What the task requires: Exclude the pictures. Transcribe, exactly as written, the lines from the one with "AllowInsecureGuestAuth,把其中的数字0改为1" through the end of the entries below.

Data extracted from a collection:
§

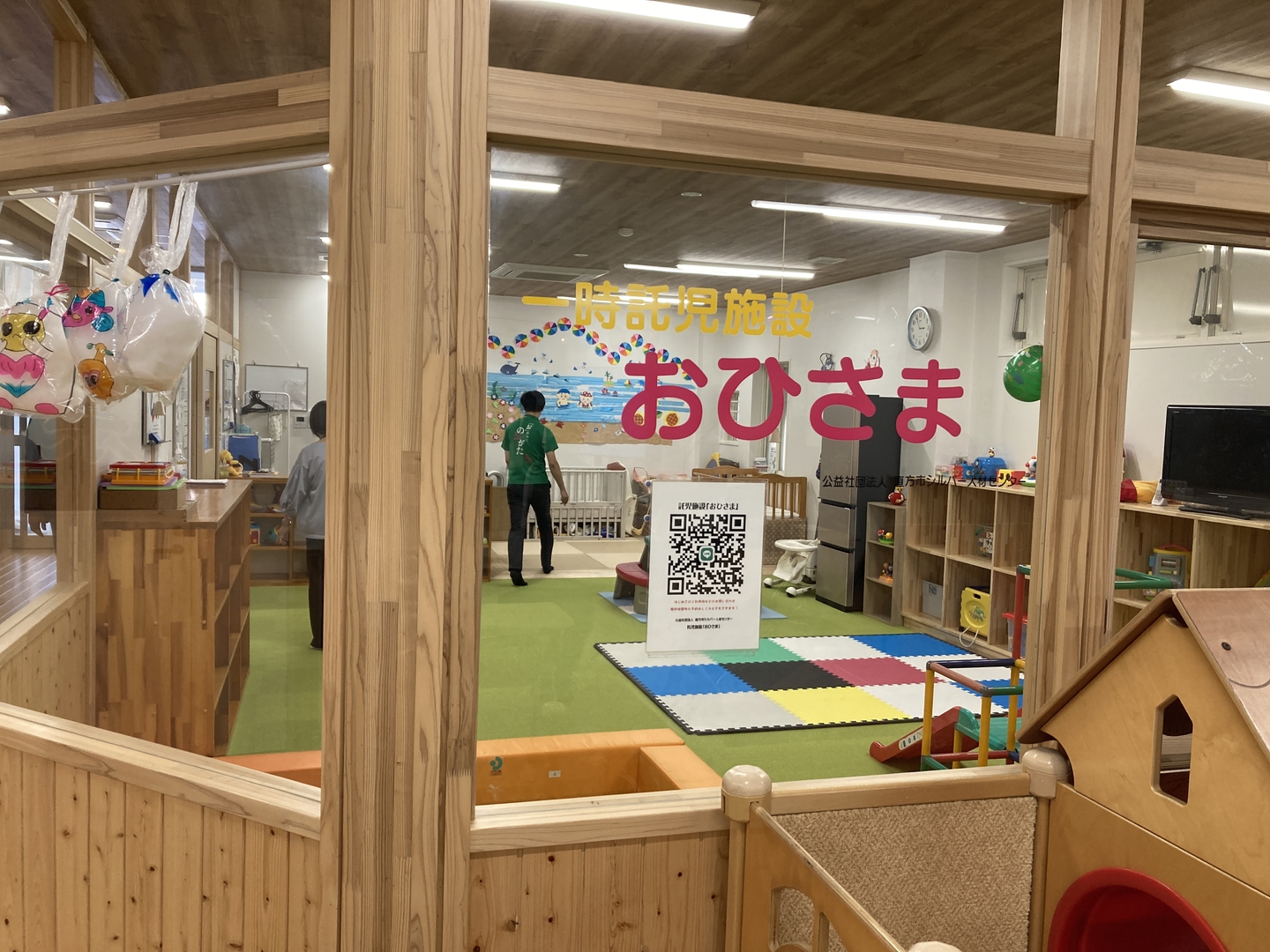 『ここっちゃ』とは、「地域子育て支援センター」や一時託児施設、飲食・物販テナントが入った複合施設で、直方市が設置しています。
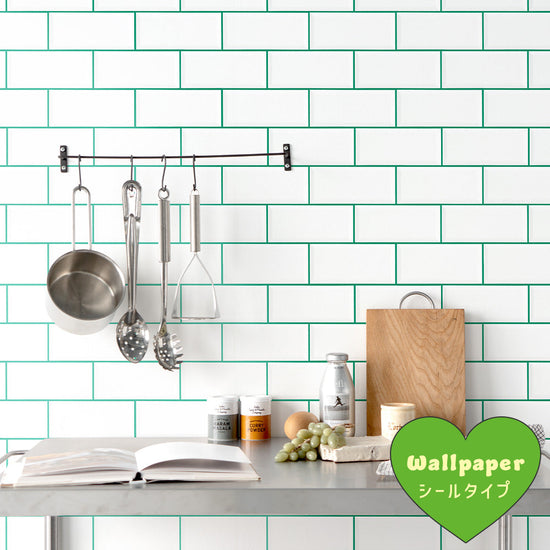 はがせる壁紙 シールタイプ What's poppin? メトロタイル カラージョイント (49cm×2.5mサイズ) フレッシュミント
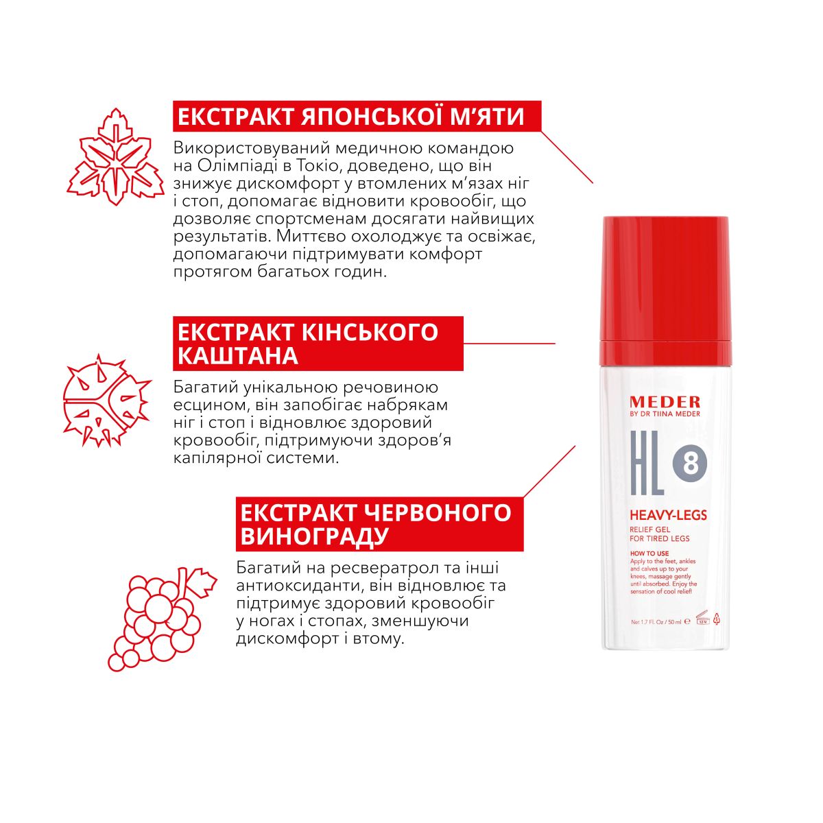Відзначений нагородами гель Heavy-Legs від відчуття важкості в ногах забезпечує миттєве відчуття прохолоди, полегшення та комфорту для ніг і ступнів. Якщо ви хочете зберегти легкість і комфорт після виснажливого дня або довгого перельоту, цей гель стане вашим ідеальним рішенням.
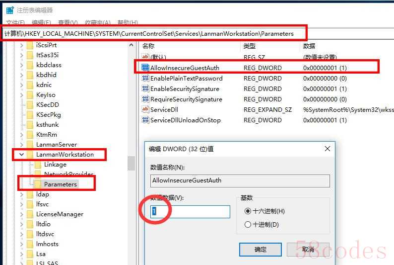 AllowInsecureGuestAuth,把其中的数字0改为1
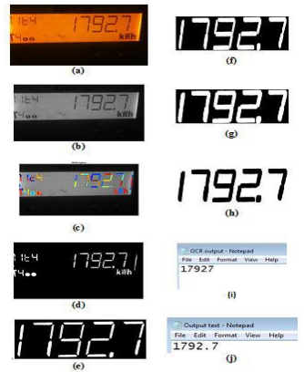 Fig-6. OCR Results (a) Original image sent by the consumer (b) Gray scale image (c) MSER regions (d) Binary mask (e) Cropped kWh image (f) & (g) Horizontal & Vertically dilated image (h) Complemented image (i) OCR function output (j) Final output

§

Written solution:
 AllowInsecureGuestAuth,把其中的数字0改为1
 Fig-6. OCR Results (a) Original image sent by the consumer (b) Gray scale image (c) MSER regions (d) Binary mask (e) Cropped kWh image (f) & (g) Horizontal & Vertically dilated image (h) Complemented image (i) OCR function output (j) Final output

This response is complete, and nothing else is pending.